Pulau Kalimantan dan Sumatera selama ini menjadi sasaran kaum kapitalis, pemilik modal yang bergerak di bidang pertambangan, perkebunan dan hak pengusahaan hutan (HPH). Dalam kurun waktu puluhan tahun, hutan-hutan di kedua pulau tersebut semakin menipis. Sebuah penelitian terbaru menunjukkan lebih dari 30 persen dari hutan tropis Kalimantan telah hancur selama 40 terakhir akibat kebakaran, industri penebangan kayu dan industri perkebunan.Alasan pemerintah soal mengejar predikat penghasil CPO (crude palm oil) terbesar di dunia jadi gayung bersambut oleh investor. Celakanya kini Papua menjadi sasaran mata para investor setelah hutan Sumatera dan Kalimantan semakin menipis.
Fakta sekarang ini, dalam beberapa tahun belakangan para pemilik modal tersebut menjadikan Papua sebagai sasaran ekspansi yang baru untuk industri agro forestri. Sumber daya alam Papua yang melimpah dari kandungan bahan tambang hingga hutan yang luas jelas menjadi magnet yang kuat, bagi baik pertambangan, HPH maupun perkebunan sawit.

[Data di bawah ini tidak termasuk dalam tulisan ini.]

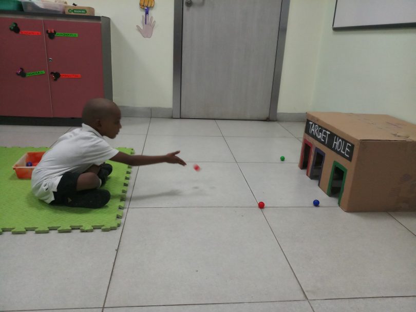 Play is an essential part of every child’s life and is vital for the enjoyment of childhood as well as social, emotional, intellectual and physical development. Our ELP1 children cherish school, as learning happens through fun activities. The children were in for a surprise to see their classroom turned into an indoor gaming arena. After clear instructions from their teacher, the little ones were all set to play the game. The kids had to choose a ball, aim and throw it in the hole of the same colour . The favourite colour balls were chosen first to play. Their steadfast determination and delight in playing the game was evident from their gleeful participation. “Target hole” – fosters the development of gross motor skills, bilateral coordination and visual motor integration. It covered all the characteristics of play such as active, adventurous, enjoyable, communicative, involved and meaningful.
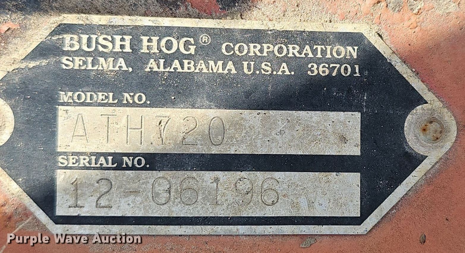 Purple Wave is selling a used Mower, Cutter, Shredder in Kansas. This item is a Bush Hog ATH720 finish mower with the following: Serial: 12- 06196
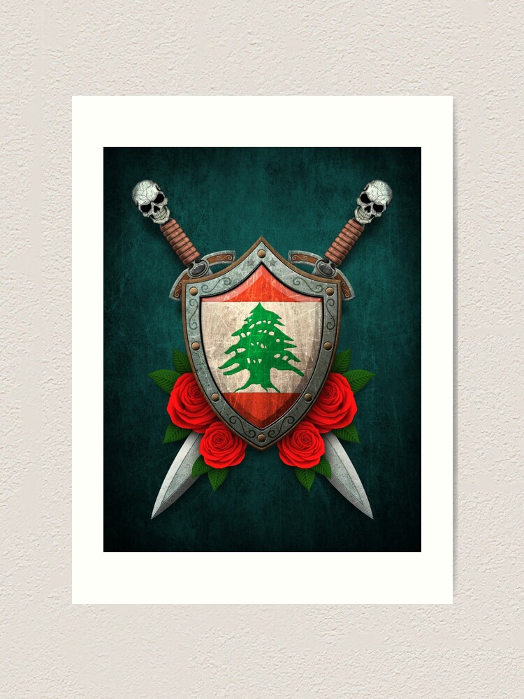Libanesische Flagge Auf Einem Abgenutzten Schild Und Gekreuzten Schwertern Kunstdruck Von Jeffbartels Redbubble
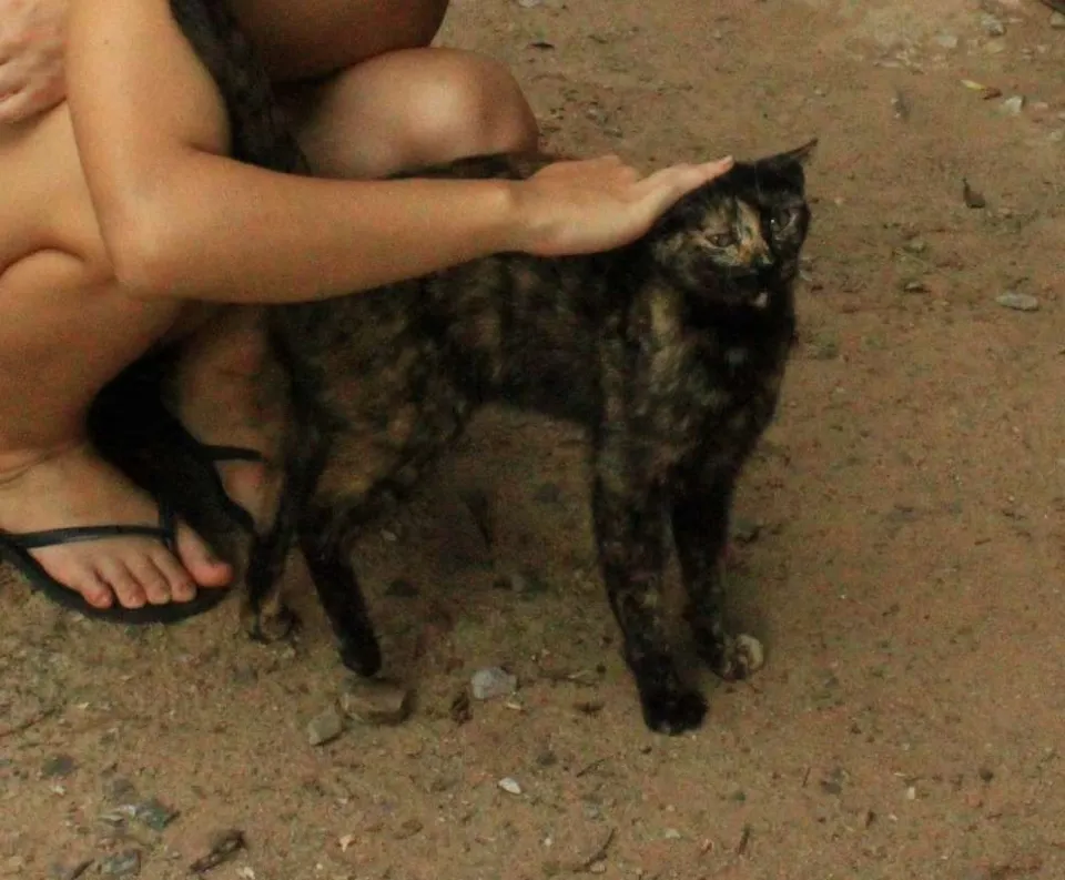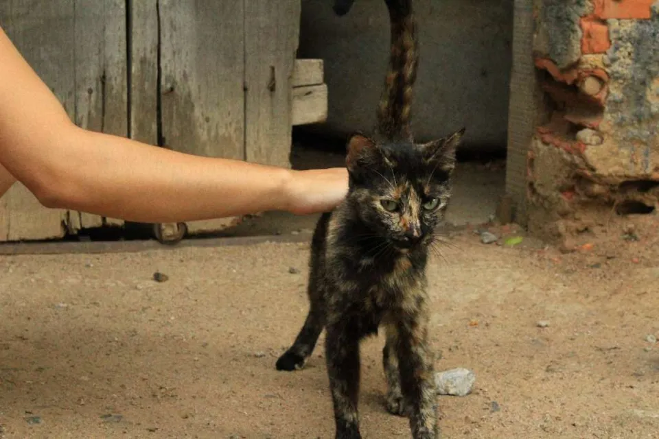 Veridiana foi encontrada muito magra em uma construção abandonada, era arisca no início mas depois de algumas visitas ela saiu do esconderijo, agora é puro amor. Ela adora carinho e atenção, fica conversando e amassando pãozinho com as patinhas. Não sabe ficar no colo ainda, mas logo vai aprender. Não está castrada, mas isso será providenciado antes da adoção.
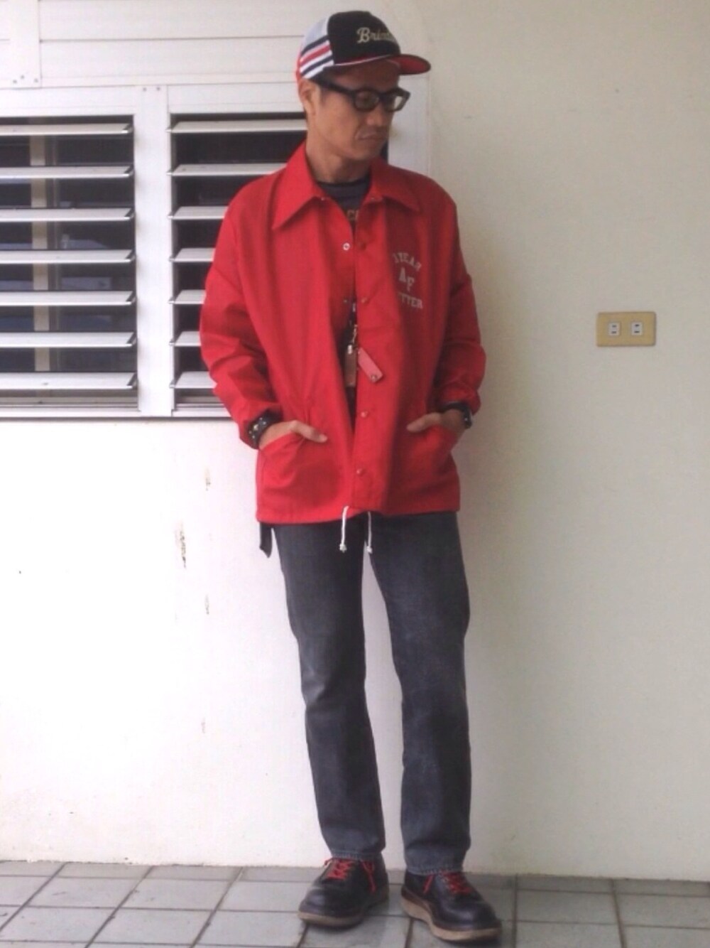 きのうに続きコーチジャケットとメッシュキャップのコーディネート。 きょうは赤バージョン。
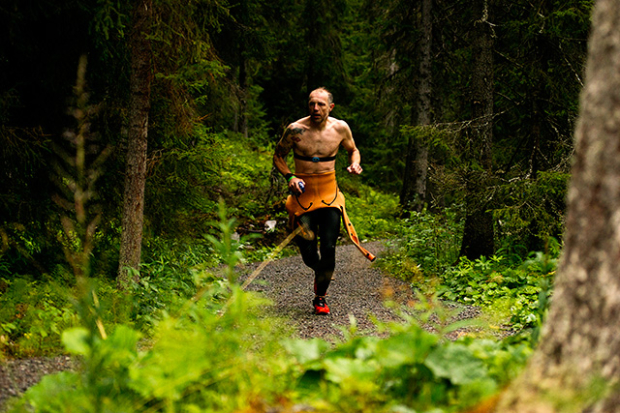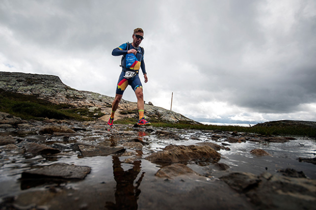 Espen Rygge from Norway on the way to 21st place in 14:01:06, and big thumbs up to that cool kit.
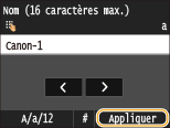 Saisissez la chaîne de caractères au moyen des touches numériques, puis appuyez sur <Appliquer>.
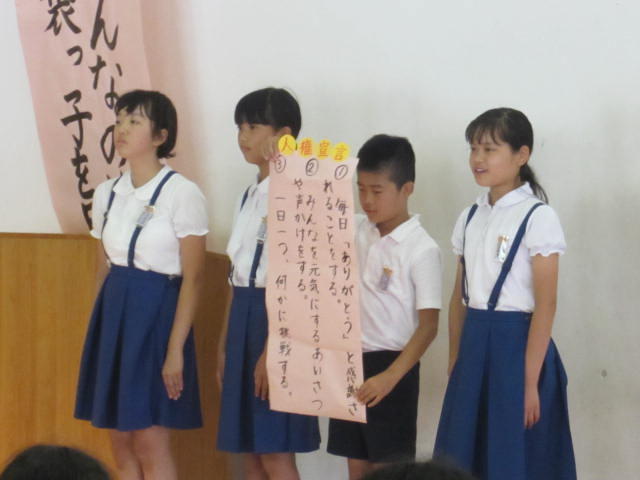 26日(水)の児童集会で、各クラスが人権宣言を発表

Sejatinya investasi itu menguntungkan masyarakat lokal, namun pada kenyataannya di Papua justru posisi masyarakat adat sangat lemah. “Mengacu pada aturan Internasional sebelum kedatangan perusahaan di suatu kawasan, masyarakat harus diberi informasi dan pemahaman. Dari situ masyarakat diberi kesempatan untuk memilih apakah menerima atau menolak kehadiran perusahaan. Tapi dalam praktiknya itu tidak dilakukan. Perusahaan tiba-tiba datang dan masyarakat kaget,” ungkap Wirya Supriyadi, Koordinator Pengelolaan Sumber Daya Alam (PSDA) dan Ekonomi Sosial Budaya (Ekosob) dari Jaringan Kerja Rakyat (Jerat) Papua.
Menurutnya, marginalisasi terhadap masyarakat adat kemudian berlanjut saat prosesland clearing (pembersihan lahan) hak-hak dari masyarakat tidak diberikan sesuai aturan. Contoh kasus, salah satu perusahaan sawit di Bonggo, Kabupaten Jayapura, hanya membayar 10 ribu rupiah per kubik untuk kayu merbau. Jika merbau yang punya kualitas saja dibayar murah, jelas untuk jenis kayu lainnya dihargai lebih rendah lagi.

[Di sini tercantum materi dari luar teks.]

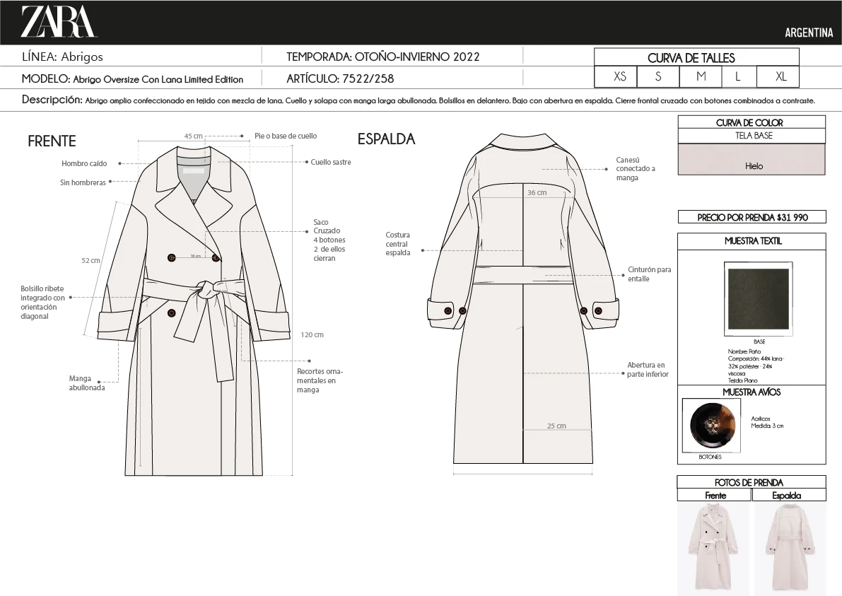 Recreated technical sheets for selected FW22 garments as part of professional practice. The focus was on detailed garment analysis, construction features, and translating observations into clear, production-ready documentation. This exercise highlights my ability to deconstruct existing designs and present them with precision and clarity in a technical format.
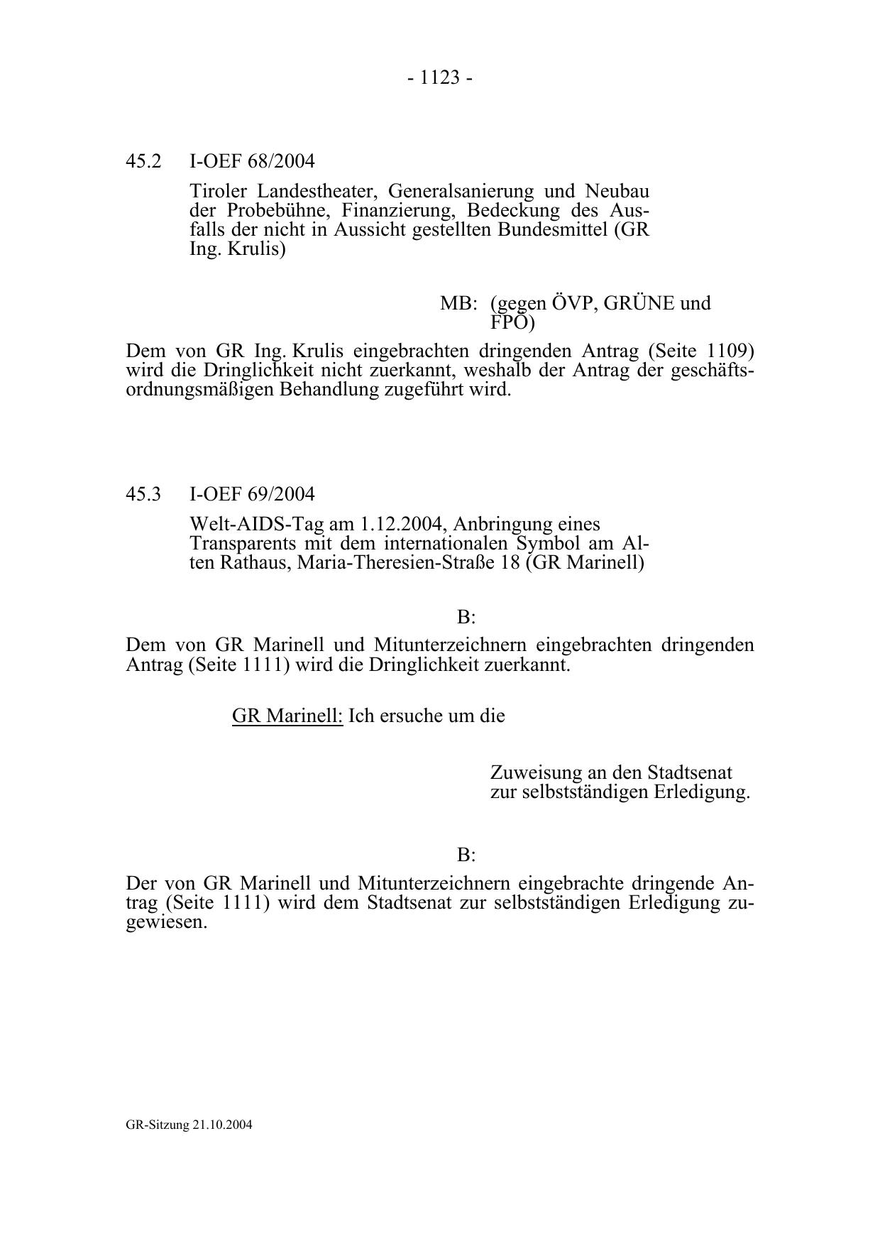 Dem von GR Ing. Krulis eingebrachten dringenden Antrag (Seite 1109)
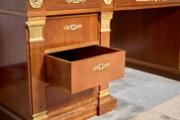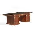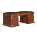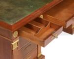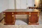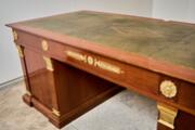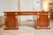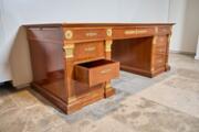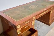 A French Empire style mahogany and gilt bronze mounted partners desk with gilt tooles green leather top. One drawer labeled “Garrigou & Cie, 90 Boulevard Diderot, PARIS”. C. 1900. H. 75 cm. L. 200 cm. W. 90 cm.
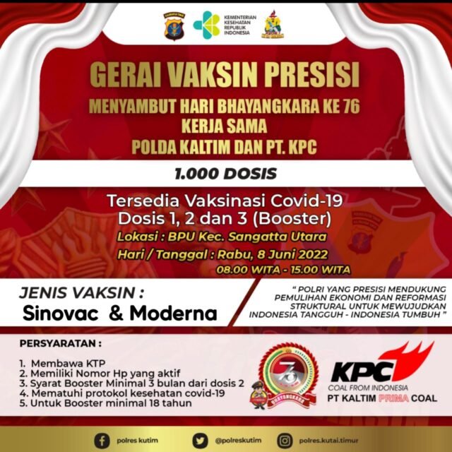 Hari ini pun kegiatan “Gelar Vaksin Presisi” turut digelar salah satunya dari Polres Kutim menyemarakkan Hari Jadi ke-76 Bhayangkara di lokasi Klinik Polres Kutim pada Jumat (4/6/2022). Polres Kutim pun mempersilakan bagi warga Kutim yang ingin melakukan vaksinasi mulai dari vaksin 1, 2 dan booster.

Ada pula yang hanya dibayarkan ganti rugi tanah, sementara hasil hutan seperti kayu, rotan, dan lain-lain tidak diberi kompensasi. Mereka hanya diming-iming berbagai fasilitas seperti pendidikan, rumah ibadah, kebun plasma. “Dalam menjalankan misinya, para tokoh masyarakat berpengaruh digiring ke luar Papua, pokoknya diservis oleh pihak perusahaan,” ungkap Charles Tawaru, juru kampanye Greenpeace untuk Papua.
Dalam praktiknya, janji itu pun tidak dipenuhi. Ini sangat berbeda dalam urusannya dengan pemerintah, syarat-syarat seperti ganti rugi itu semua terpenuhi oleh perusahaan, sementara bagi masyarakat hanya sebatas janji. Ini bisa terlihat pada beberapa kasus yang diangkat para LSM lingkungan hidup ke Komnas HAM, seperti perkebunan sawit di Nabire, Bintuni dan Merauke. “Yang disoroti terutama tanggungjawab sosial dan tanggungjawab lingkungan yang terabaikan,” kata Charles Tawaru.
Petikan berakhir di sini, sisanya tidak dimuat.